Problem statement: Copy, exactly and without additions, every line in the records below from the one holding "Ta bluza dziecięca" through the one holding "Material Jetting (MJ)", both ends included.

Recorded data:

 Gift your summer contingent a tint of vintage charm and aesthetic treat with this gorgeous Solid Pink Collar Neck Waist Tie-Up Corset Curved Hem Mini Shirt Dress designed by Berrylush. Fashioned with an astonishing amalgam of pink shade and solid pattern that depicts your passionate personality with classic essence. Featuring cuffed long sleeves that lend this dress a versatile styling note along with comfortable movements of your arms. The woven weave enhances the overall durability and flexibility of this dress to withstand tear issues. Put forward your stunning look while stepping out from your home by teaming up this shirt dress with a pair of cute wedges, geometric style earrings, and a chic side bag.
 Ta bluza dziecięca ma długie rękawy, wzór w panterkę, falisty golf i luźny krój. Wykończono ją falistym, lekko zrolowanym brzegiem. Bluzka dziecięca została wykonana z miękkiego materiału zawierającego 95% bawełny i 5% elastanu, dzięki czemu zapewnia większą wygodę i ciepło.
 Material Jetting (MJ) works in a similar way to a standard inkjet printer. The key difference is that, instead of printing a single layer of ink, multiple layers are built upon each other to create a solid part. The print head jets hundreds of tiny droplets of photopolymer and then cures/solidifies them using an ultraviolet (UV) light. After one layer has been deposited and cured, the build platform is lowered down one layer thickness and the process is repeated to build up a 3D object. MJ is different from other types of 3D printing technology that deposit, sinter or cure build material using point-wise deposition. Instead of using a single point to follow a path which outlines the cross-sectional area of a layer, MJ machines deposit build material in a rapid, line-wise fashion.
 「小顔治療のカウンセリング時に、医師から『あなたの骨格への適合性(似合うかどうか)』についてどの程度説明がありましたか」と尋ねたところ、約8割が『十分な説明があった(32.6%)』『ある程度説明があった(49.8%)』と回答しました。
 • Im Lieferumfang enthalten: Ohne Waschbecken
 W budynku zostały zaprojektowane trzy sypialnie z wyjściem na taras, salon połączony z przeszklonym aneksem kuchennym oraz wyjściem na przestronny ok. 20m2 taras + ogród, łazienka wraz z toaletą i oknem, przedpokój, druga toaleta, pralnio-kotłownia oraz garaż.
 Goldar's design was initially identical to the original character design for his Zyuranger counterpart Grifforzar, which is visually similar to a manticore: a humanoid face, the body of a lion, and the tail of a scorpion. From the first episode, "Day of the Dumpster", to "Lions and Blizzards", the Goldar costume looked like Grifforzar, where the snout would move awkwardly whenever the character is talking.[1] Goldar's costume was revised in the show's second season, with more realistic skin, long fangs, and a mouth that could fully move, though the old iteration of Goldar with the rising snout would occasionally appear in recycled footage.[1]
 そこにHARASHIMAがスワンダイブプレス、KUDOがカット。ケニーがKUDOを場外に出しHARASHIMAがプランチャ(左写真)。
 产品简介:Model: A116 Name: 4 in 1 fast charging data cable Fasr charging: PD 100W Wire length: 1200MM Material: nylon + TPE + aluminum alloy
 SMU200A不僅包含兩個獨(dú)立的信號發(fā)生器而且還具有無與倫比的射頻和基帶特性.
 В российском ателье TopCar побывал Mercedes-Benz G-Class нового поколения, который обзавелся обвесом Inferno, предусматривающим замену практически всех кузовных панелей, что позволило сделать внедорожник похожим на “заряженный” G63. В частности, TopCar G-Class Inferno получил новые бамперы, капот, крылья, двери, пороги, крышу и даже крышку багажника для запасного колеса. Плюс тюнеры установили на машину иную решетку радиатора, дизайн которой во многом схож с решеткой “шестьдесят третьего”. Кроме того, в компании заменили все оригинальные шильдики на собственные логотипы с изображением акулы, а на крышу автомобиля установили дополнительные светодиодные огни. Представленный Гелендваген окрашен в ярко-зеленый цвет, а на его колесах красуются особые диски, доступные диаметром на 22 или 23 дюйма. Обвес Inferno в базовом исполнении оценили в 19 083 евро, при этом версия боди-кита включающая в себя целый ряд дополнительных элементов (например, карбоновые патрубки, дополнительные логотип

Reply to the exercise:
 Ta bluza dziecięca ma długie rękawy, wzór w panterkę, falisty golf i luźny krój. Wykończono ją falistym, lekko zrolowanym brzegiem. Bluzka dziecięca została wykonana z miękkiego materiału zawierającego 95% bawełny i 5% elastanu, dzięki czemu zapewnia większą wygodę i ciepło.
 Material Jetting (MJ) works in a similar way to a standard inkjet printer. The key difference is that, instead of printing a single layer of ink, multiple layers are built upon each other to create a solid part. The print head jets hundreds of tiny droplets of photopolymer and then cures/solidifies them using an ultraviolet (UV) light. After one layer has been deposited and cured, the build platform is lowered down one layer thickness and the process is repeated to build up a 3D object. MJ is different from other types of 3D printing technology that deposit, sinter or cure build material using point-wise deposition. Instead of using a single point to follow a path which outlines the cross-sectional area of a layer, MJ machines deposit build material in a rapid, line-wise fashion.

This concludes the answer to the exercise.